(Saved data entries)
________________________
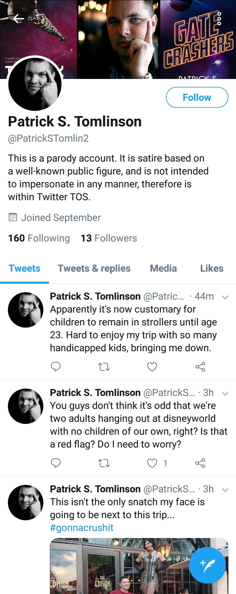 Hello, my name is Patrick S. Tomlinson (formerly @stealthygeek and @patricktomlin1, both of which are now suspended). Some of you know me as a science-fiction author. More of you probably know me as that one guy who wrote the abortion thought experiment that went viral last October
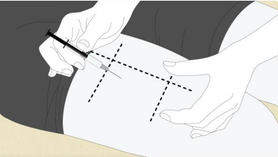 13. Trykk injeksjonsvæsken inn i muskelen til sprøyten er tom. Dette tar ca. 10 sekunder.
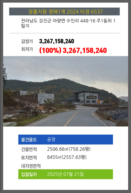 사건번호 2024 타경 6537 본건은 전라남도 강진군 마량면 수인리 448-16 주1동외 1필지소재하는 공장경매 물건의 포스팅입니다. 건물면적 [ 2506.66㎡ (758.26평) ]토지면적 [ 8455㎡ (2557.63평) ] 시세를
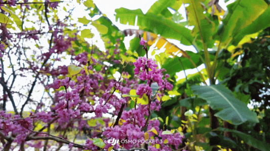园内繁花争艳, 海棠粉白如云、紫荆紫霞满枝、桃花粉嫩娇羞, 三色花海相映成趣。
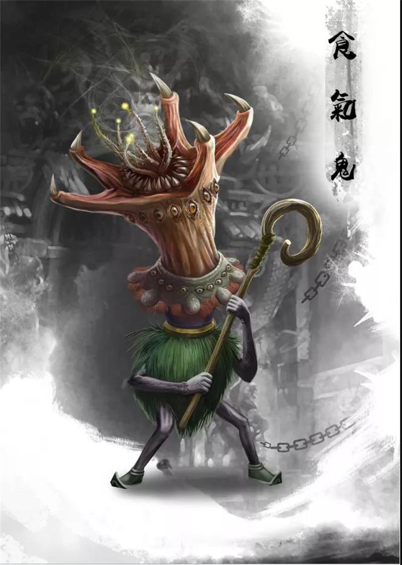 食气鬼,又名犍陀,唯得人祭神祭天的供品气味为食,常不能多。生前独食美味,不给妻子儿女,故受此报。佛教中三十六种饿鬼之一。在丰都鬼城有它的雕像。民间传说,此鬼靠吸食空气果腹,因而对各种气味特别敏感,能辨别天地间的各种气味。阎王爷派它守关,它能辨别出混杂在芸芸众生之中的各种鬼魂的异味来,并将其擒获。总的来说,食气鬼是比较正直的鬼,见做了亏心事的人才会伤害,被它害到的人会精神萎靡,迅速衰老从而很快死亡。
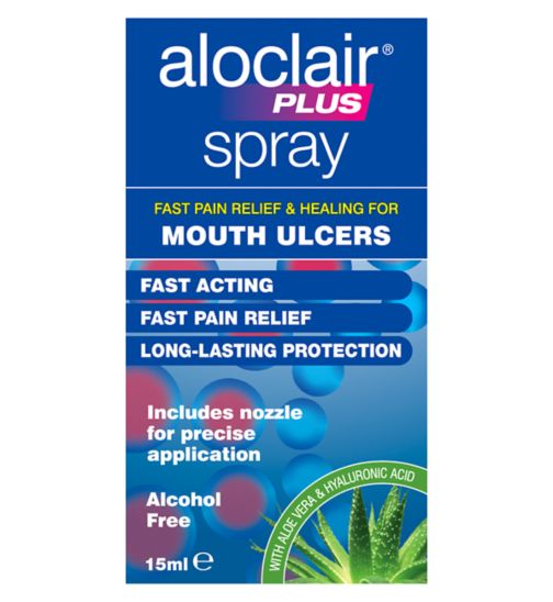 Aloclair Plus Spray is a form of treatment that is designed to treat ulcers and other types of tissue damage in the mouth. It works by protecting the exposed nerves caused the ulcer or lesion and helping to numb them in order to reduce pain.
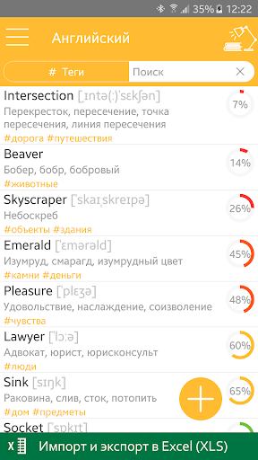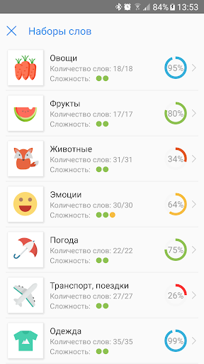 • Готовые наборы слов разных тематик (пока только для английского языка);
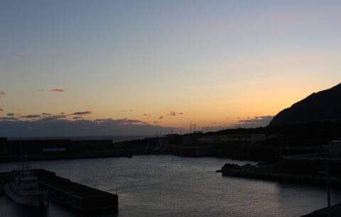 今日の画像は午前6時19分。今朝の八丈富士と神湊漁港です。今朝は雨上がり。今日からムロアジ製造開始です!
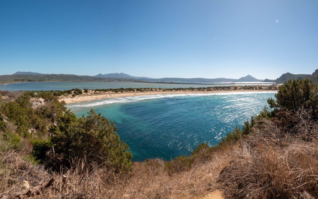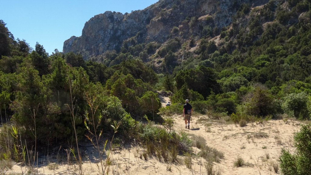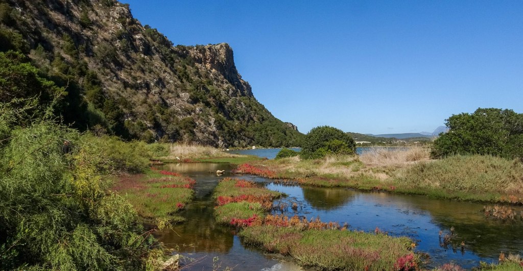 De terugweg voert door een prachtig duingebied, met aan de rechterhand steile rotsen en aan de linkerhand het moerasgebied. Het pad wordt smaller, de rotsen komen dichterbij en het prachtig roodkleurende Zeekraal vormt de grens met de lagune.
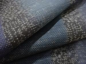 洗練された落ち着きのある色合いで、生地そのものは柔らかく、しわになりにくいと言われている。大島紬の特徴とも言える、織締めと呼ばれる技法で藍を用いて染められた糸を使用している。
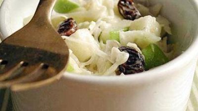 هذه الوصفة عظيمة للأشخاص الذين يحبون المايونيز مع السلطة ولكنهم يخشون من إرتفاع الكولوستيرول. نقدم لكم طريقة جديدة لإضافة المايونيز بدون زيادة الكولسترول السيء. تحتوي هذه السلطة أيضا على مكونات مغذية جيدة غنية بالألياف مثل الزبيب والتفاح، بالإضافة إلى الملفوف.
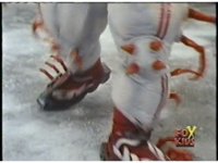 Distant side angle as Centiback and Ninjor race at one another, the monster leaping over his low sword slash. Ninjor turns around, slashes again, Centiback blocks, causing him to fall and roll, getting back up, and slashing once more, but the blade gets held by the monster. |
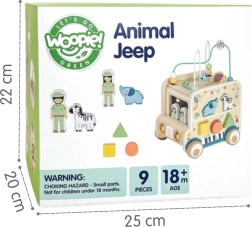 Atraskite žaismingą pasaulį su medine aktyviąja kalade, suformuota kaip safari automobilis, iš prekės ženklo WOOPIE GREEN. Šis daugiafunkcis žaislas apjungia motorinį labirintą, formų rūšiavimą, besisukančius krumpliaračius ir vaizdines kaladėles, kad lavintų smulkiąją motoriką, koordinaciją ir kūrybišką žaidimą vaikams nuo 18 mėnesių.
________________________
# Task instructions
The preceding entries are to be written out again exactly, with the pictures removed.

# Solution below
 Hello, my name is Patrick S. Tomlinson (formerly @stealthygeek and @patricktomlin1, both of which are now suspended). Some of you know me as a science-fiction author. More of you probably know me as that one guy who wrote the abortion thought experiment that went viral last October
 13. Trykk injeksjonsvæsken inn i muskelen til sprøyten er tom. Dette tar ca. 10 sekunder.
 사건번호 2024 타경 6537 본건은 전라남도 강진군 마량면 수인리 448-16 주1동외 1필지소재하는 공장경매 물건의 포스팅입니다. 건물면적 [ 2506.66㎡ (758.26평) ]토지면적 [ 8455㎡ (2557.63평) ] 시세를
园内繁花争艳, 海棠粉白如云、紫荆紫霞满枝、桃花粉嫩娇羞, 三色花海相映成趣。
 食气鬼,又名犍陀,唯得人祭神祭天的供品气味为食,常不能多。生前独食美味,不给妻子儿女,故受此报。佛教中三十六种饿鬼之一。在丰都鬼城有它的雕像。民间传说,此鬼靠吸食空气果腹,因而对各种气味特别敏感,能辨别天地间的各种气味。阎王爷派它守关,它能辨别出混杂在芸芸众生之中的各种鬼魂的异味来,并将其擒获。总的来说,食气鬼是比较正直的鬼,见做了亏心事的人才会伤害,被它害到的人会精神萎靡,迅速衰老从而很快死亡。
 Aloclair Plus Spray is a form of treatment that is designed to treat ulcers and other types of tissue damage in the mouth. It works by protecting the exposed nerves caused the ulcer or lesion and helping to numb them in order to reduce pain.
 • Готовые наборы слов разных тематик (пока только для английского языка);
 今日の画像は午前6時19分。今朝の八丈富士と神湊漁港です。今朝は雨上がり。今日からムロアジ製造開始です!
 De terugweg voert door een prachtig duingebied, met aan de rechterhand steile rotsen en aan de linkerhand het moerasgebied. Het pad wordt smaller, de rotsen komen dichterbij en het prachtig roodkleurende Zeekraal vormt de grens met de lagune.
 洗練された落ち着きのある色合いで、生地そのものは柔らかく、しわになりにくいと言われている。大島紬の特徴とも言える、織締めと呼ばれる技法で藍を用いて染められた糸を使用している。
 هذه الوصفة عظيمة للأشخاص الذين يحبون المايونيز مع السلطة ولكنهم يخشون من إرتفاع الكولوستيرول. نقدم لكم طريقة جديدة لإضافة المايونيز بدون زيادة الكولسترول السيء. تحتوي هذه السلطة أيضا على مكونات مغذية جيدة غنية بالألياف مثل الزبيب والتفاح، بالإضافة إلى الملفوف.
 Distant side angle as Centiback and Ninjor race at one another, the monster leaping over his low sword slash. Ninjor turns around, slashes again, Centiback blocks, causing him to fall and roll, getting back up, and slashing once more, but the blade gets held by the monster. |
 Atraskite žaismingą pasaulį su medine aktyviąja kalade, suformuota kaip safari automobilis, iš prekės ženklo WOOPIE GREEN. Šis daugiafunkcis žaislas apjungia motorinį labirintą, formų rūšiavimą, besisukančius krumpliaračius ir vaizdines kaladėles, kad lavintų smulkiąją motoriką, koordinaciją ir kūrybišką žaidimą vaikams nuo 18 mėnesių.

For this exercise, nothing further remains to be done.